Belfast Telegraph

Wednesday 30 July 2014

Banks' critics warned over lending

Banks are increasing their lending to small businesses, according to a leading City figure

Critics of the banks are to blame for fuelling a "vicious circle" of small businesses believing they will not be able to access loans, a leading City figure is to warn.

Anthony Browne, chief executive of the British Bankers' Association (BBA), will say that contrary to popular belief, new lending to small-to-medium sized enterprises (SMEs) is rising - up by 11% year-on-year according to latest quarterly figures.

He will say a more widely reported figure, net lending, is falling only because the growth in new finance is being outpaced by SMEs paying off their debts.

Mr Browne is expected to say: "The reality is: more lending to SMEs who want finance, more SMEs paying off their existing debts.

"We need to break the downward spiral of confidence that currently exists around lending. Independent research clearly shows that small firms are actually twice as likely to get a loan from their bank as they think.

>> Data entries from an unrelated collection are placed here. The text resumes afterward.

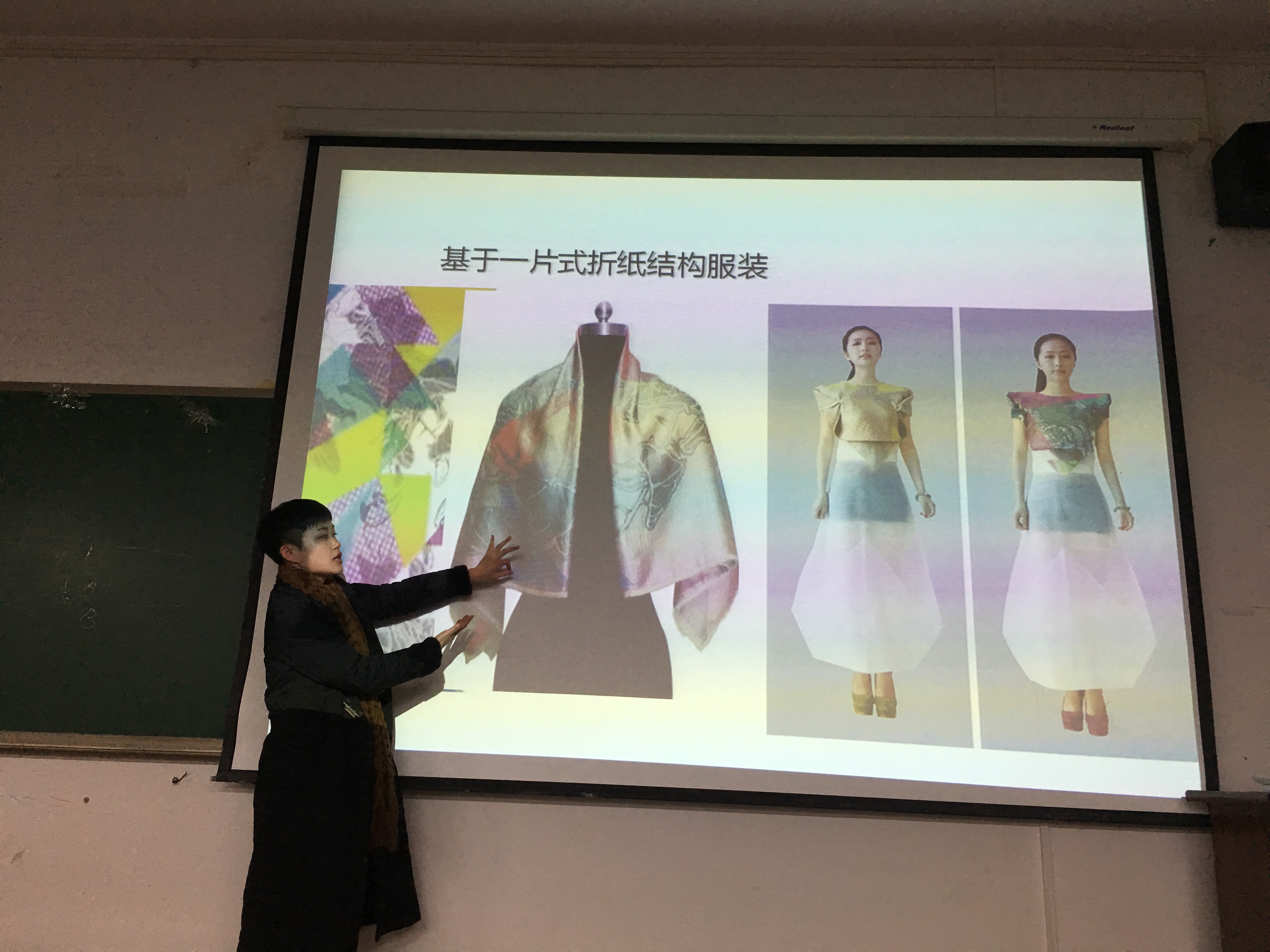 王雪琴副教授介绍了她的研究背景及研究领域,对浙江理工大学人才培养采用艺工商培养模式,与丝绸产业建立的基地及实验室等情况进行介绍。另外介绍了丝绸创意设计及无缝设计、基于一片式折纸结构服装、丝绸消费及文化、奢侈品牌运作模式、与浙江丝绸企业联合开发的产品;浙江万缕丝与雕平绣加工、香云纱制作工艺;传统丝绸工艺案例分析-万事利、达利丝绸、艾德来丝、云锦进行介绍;丝绸消费路径与模式变化、服装发展趋势等方面取得的最新成果。
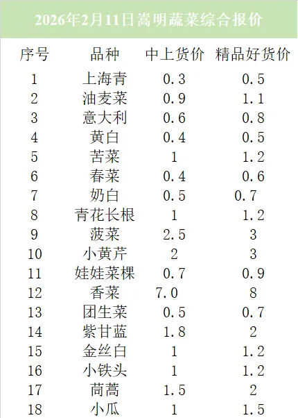 2月11日,意大利今日价格1.3元/公斤;油麦菜今日价格1.4元/公斤;上海青今日价格0.7元/公斤。黄白今日价格0.5元/公斤。
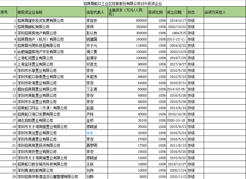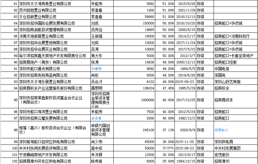 从省份分布来看,招商蛇口的114家全资公司基本上分布在广东。
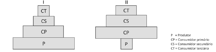 b) Desenhe as pirâmides de energia correspondentes às pirâmides de biomassa, para os dois ecossistemas indicados.
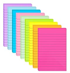 Portable Large Size: Lined sticky notes 4x6 inch, 9 pads/pack ( 9 bright assorted colors aesthetic sticky notes ), 35 Sheets/pad. Large size lined sticky notes has plenty of room for writing neatly to do lists or notes Super Sticking Notes: HQCME sticky notes with lines have strong adhesive, make sure sticky notes don't fall off, and removes cleanly as well. Won't damage surfaces or leave an adhesive residue, lined sticky notes 4x6 can reapplication as many times as needed Bright Large Sticky Notes: Sticky notes 4x6 contains 9 colors, Red, pink, orange, yellow, light green, green, light blue, blue. The colorful and big sticky notes keep important information from going unnoticed, and elevate the aesthetics Thick Paper: Lined sticky notes made with 80 GSM thicker paper, flat sticky notes are strong, stay on any surface without curling. Smooth writing, No ink-seepage. accommodates pens, pencils, markers, and other writing tools Widely Uses: Lines sticky note pads are great for helping you stay organized, sticky notes lined are suitable for school, office, family. Adheres for leaving notes, to do list or reminders on walls, monitors, desktops, blackboards and other surfaces
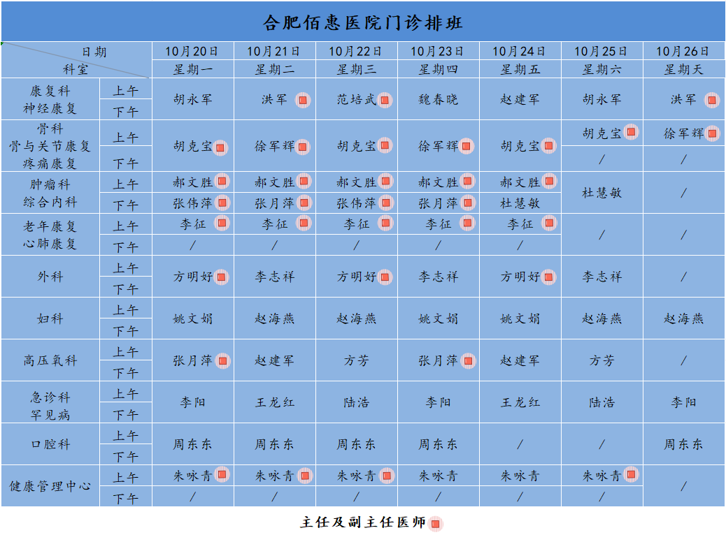 為方便廣大市民了解合肥佰惠醫(yī)院門診醫(yī)師出診安排,現(xiàn)發(fā)布本周(10月20日-10月26日)門診醫(yī)師排班表,請(qǐng)大家合理安排就診時(shí)間。如遇停診、換診等特殊情況有所調(diào)整,以當(dāng)日出診安排為準(zhǔn),造成不便敬請(qǐng)諒解!
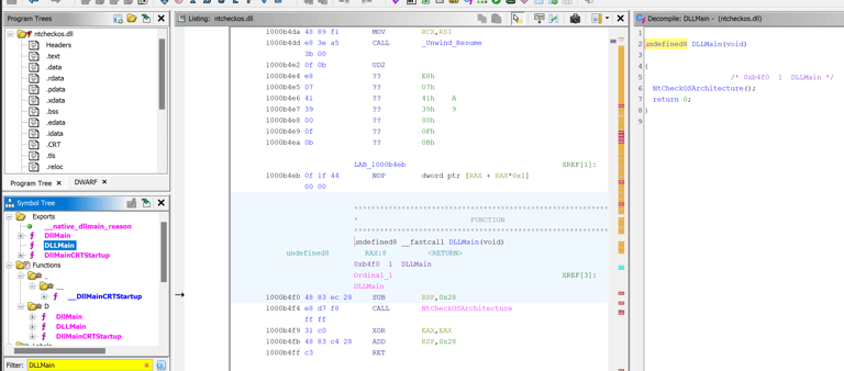 It seems to be running the system32 cmd.exe, pinging itself… But also using the ntcheckos.dll -> DLLMain function. But what is the DLLMain function doing? Let us boot up good’ol Ghirda and have a look.
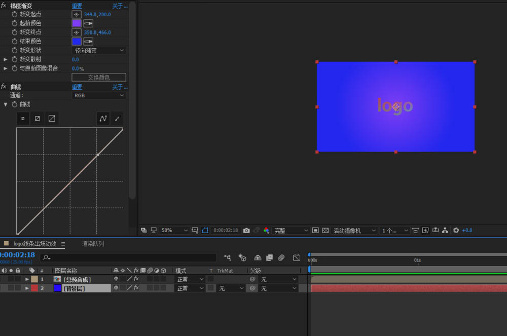 5、ctrl+y新建一个纯色层,命名为背景层;添加梯度渐变;径向渐变,调整想要的颜色,也可以添加曲线来进行进一步的调整;
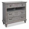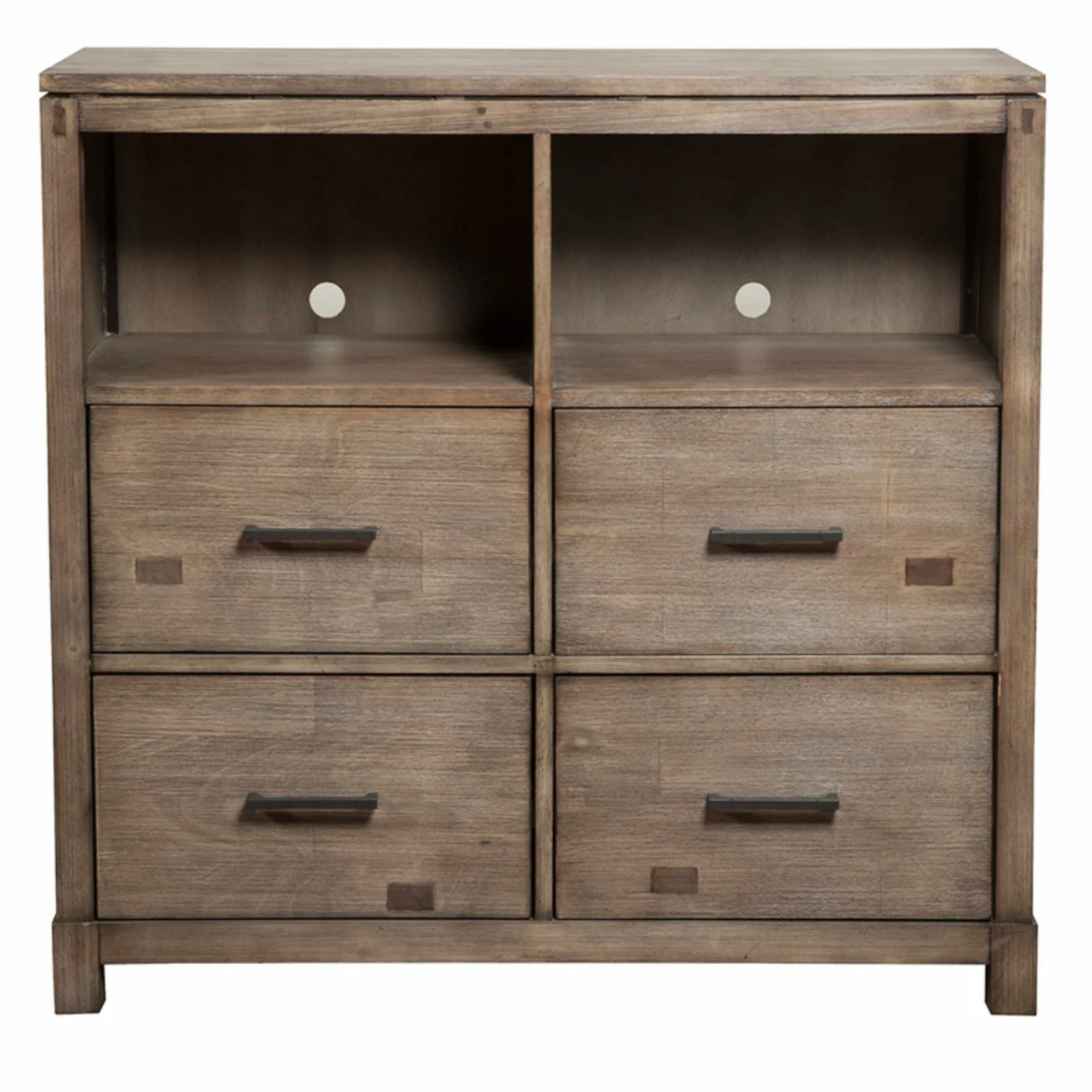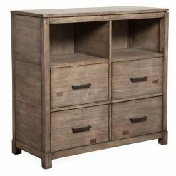 House your TV and media gear in the rugged Alpine Furniture Sydney 4 Drawer Media Chest, a chest built tough with humidity-resistant engineered wood and stunning okoume veneers. The weathered gray finish is lightly wirebrushed, and four drawers are at your service for holding media collections, clothing, and more. Ball bearing metal glides keep the drawers running smoothly for a long time to come. Open shelves are fitted with cable management holes.
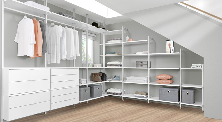 Si vous recherchez un grand espace de rangement, nous vous recommandons nos étagères sur pied. Les étagères d'angle structurent la pièce et exploitent le moindre recoin. Agrémentées de votre décoration préférée, les étagères créent un style d'intérieur original. Pour les étagères d'angle sur pied, vous avez le choix entre l' et l' L'étagère d'angle BOON peut être équipée de portes pratiques et de parois arrières, ce qui confère à la pièce un style ordonné en un clin d'œil. L'étagère d'angle MAXX séduit par ses parois latérales ouvertes et son apparence moderne accentuée par des cadres latéraux ouverts.
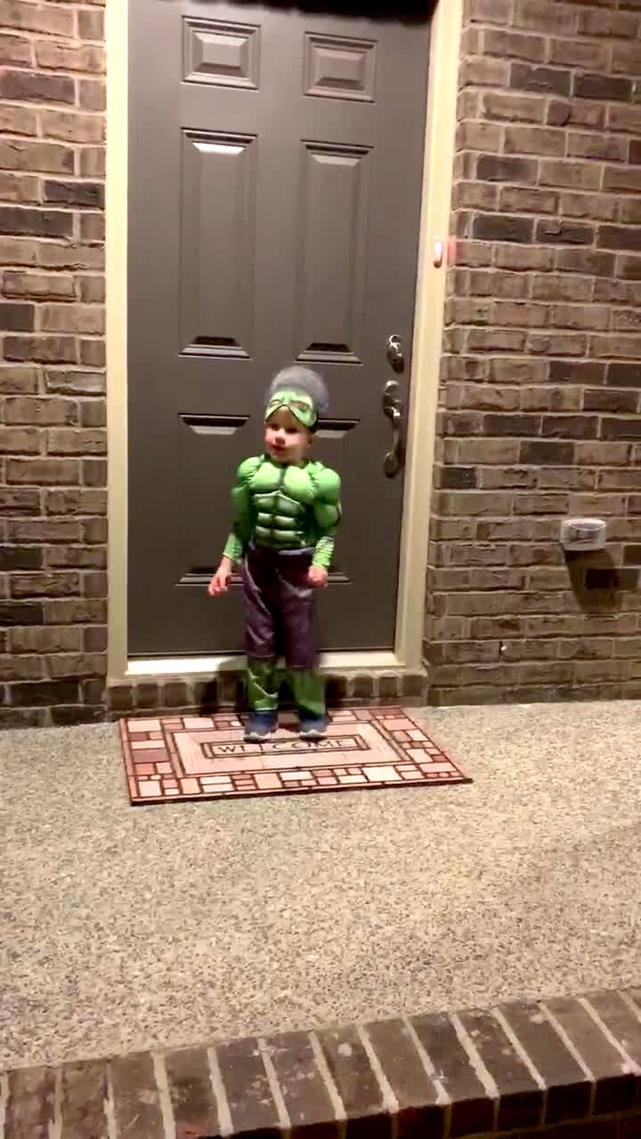 A tot boy trick-or-treats at a house on Halloween, and a man tells him to ring the doorbell. He jumps repeatedly to reach the doorbell, but is too short. He says "have to go to another house" and walks away.
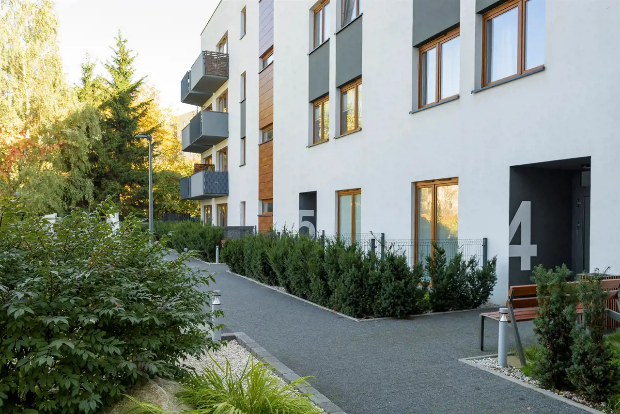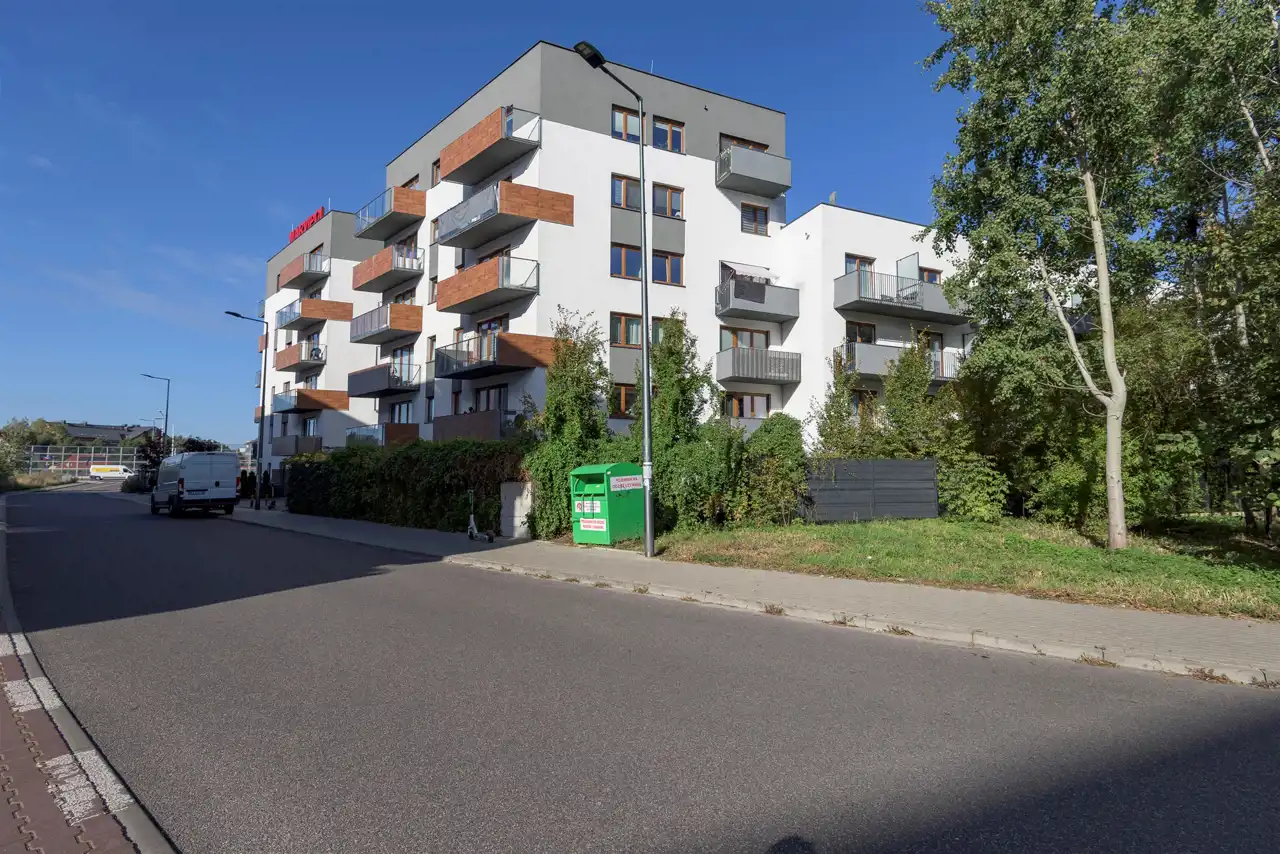 Zbudowany w nowoczesnym stylu budynek z 2017 roku, którego elewacja ozdobiona w drewniane elementy robi naprawdę dobry efekt. Zamykane podwórko, kameralna, niska zabudowa. W podziemiu znajduje się garaż. Miejsce postojowe do tego lokalu to dodatkowo 35 tysięcy złotych. Oprócz tego mamy tu jeszcze komórkę lokatorską o naprawdę sporej powierzchni (cena: 20 tysięcy). Łącznie za wszystko cena wynosi 684 tysięcy złotych.
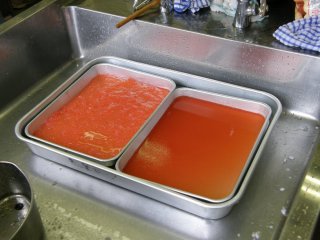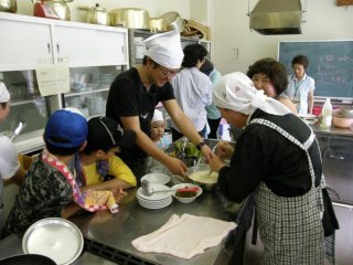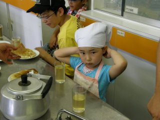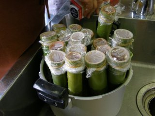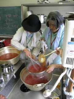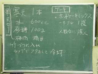 大池公園梅林公園で梅の実を採取しました。管理協会で準備して頂いた竹竿を使い梅の実を丁寧に取り入れました。今年は梅の実は少なめ、ということでしたが、実際取り始めると粒は大きめ、去年よりたくさんとれたのではという声もありました。まだ取りたいのに・・・という気持ちを抑えて10時半ごろには農業センターへ。農業センター内の調理実習室で調理スタート。実習室に入り各班ごとにテーブルに着くと まずはホッとしてホットケーキミックスをボールの中に入れとき始めます。本日の調理実習は 梅肉と寒天を使った寒天ゼリー、そして梅ジャムを乗せて食べる梅ホットケーキです。ホットケーキが焼ける間に管理協会の担当の方が大鍋で寒天を溶かします。ほぼとけたら梅色の付いた梅肉をいれ竹筒に入れて完成です。赤色のステキな寒天ができあがりました。待っている間に梅ジュースとジュースの中の甘酸っぱい梅をほおばります。今日とった梅でできた実習ではありませんが、梅ジュースや梅酒の漬け方をメモし、帰ったらさっそく「実習」の予定で解散です。竹筒に入れた物寒天はお土産にしました。(京都の老舗で売っている水ようかんと同じ食べ方で、竹筒の底に穴を開けて刷って食べます。他所ではお目にかかれない貴重な実習です!!)(記・竹内秀)
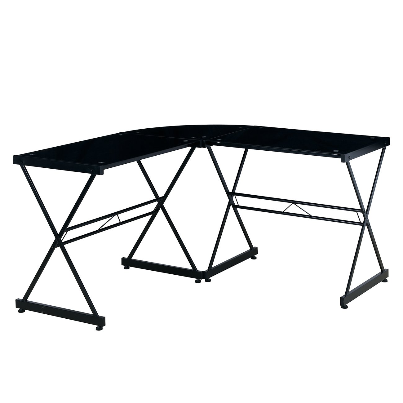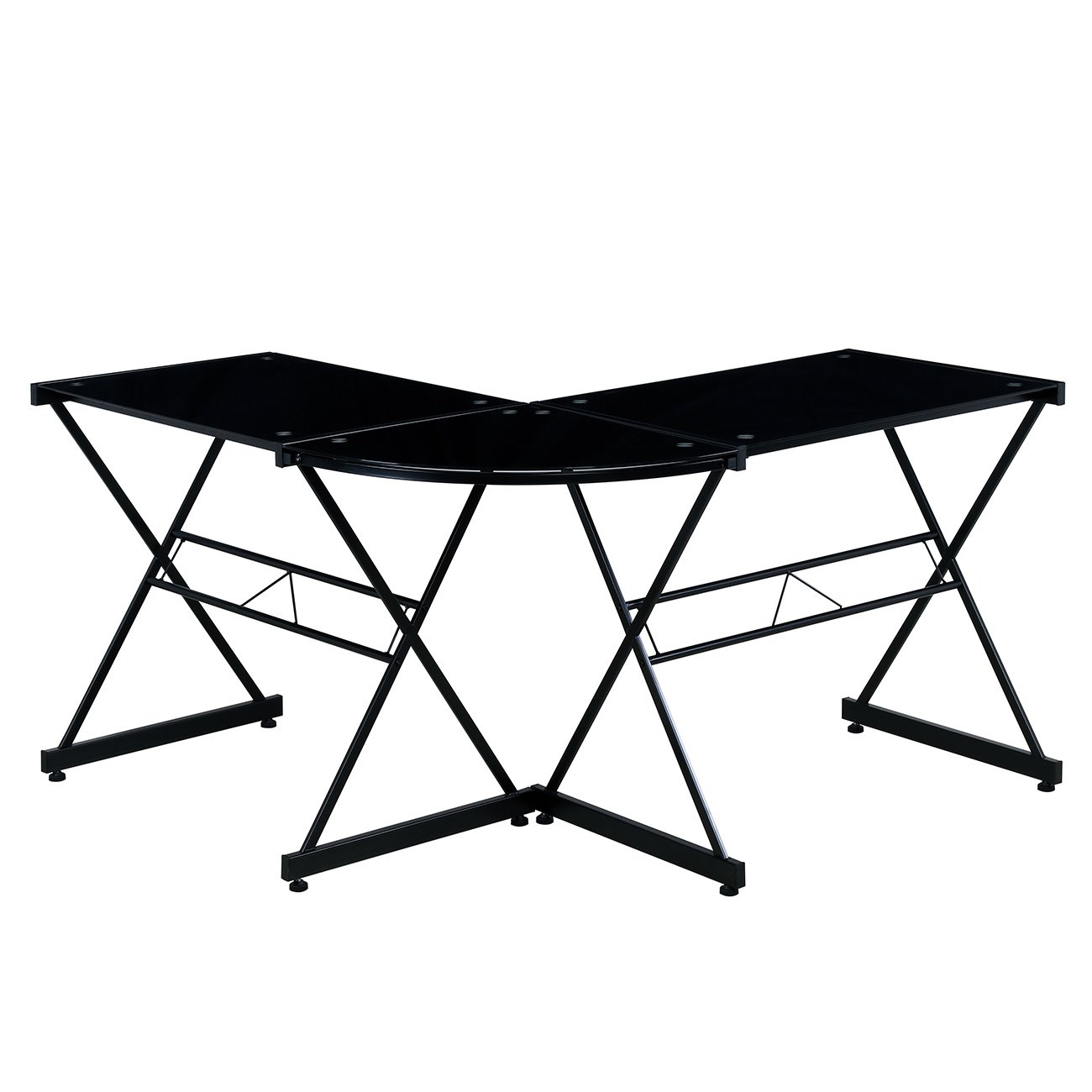 Techni Mobili L-Shaped Glass Computer Desk, BlackIf you are in need of a larger workspace in your office or home, check out the Techni Mobili L-shaped Black Glass Computer Desk. This is an ideal solution for those who are stuck in cramped quarters and do not have any room to work on tasks through the day. It has black tempered glass top and a cross frame design that provides a modern appeal with a black powder-coated frame and floor glides. The design of this black L-shaped glass desk is sure to complement a variety of decors. Color: Black

"Insisting that banks are refusing to lend when the opposite is true just fuels that vicious circle.

"The message that we need to get out is that banks are open for business, and there has never been a better time to borrow."

Mr Browne, a former journalist and adviser to Boris Johnson, will make the remarks at the BBA International Banking Conference, in London.

He will also argue that sentiment towards bankers - widely held to blame over the financial crisis - was now improving, with the economy recovering being one factor.

The other is that taxpayers are starting to get their money back after coming to the banks' rescue - after recently beginning the process of being returned to private hands, Mr Browne argues.

He will add that huge progress has been made in shoring up the banking sector but there are concerns that international inconsistency in regulation, between the EU, US, UK and others, was a problem for banks and their customers.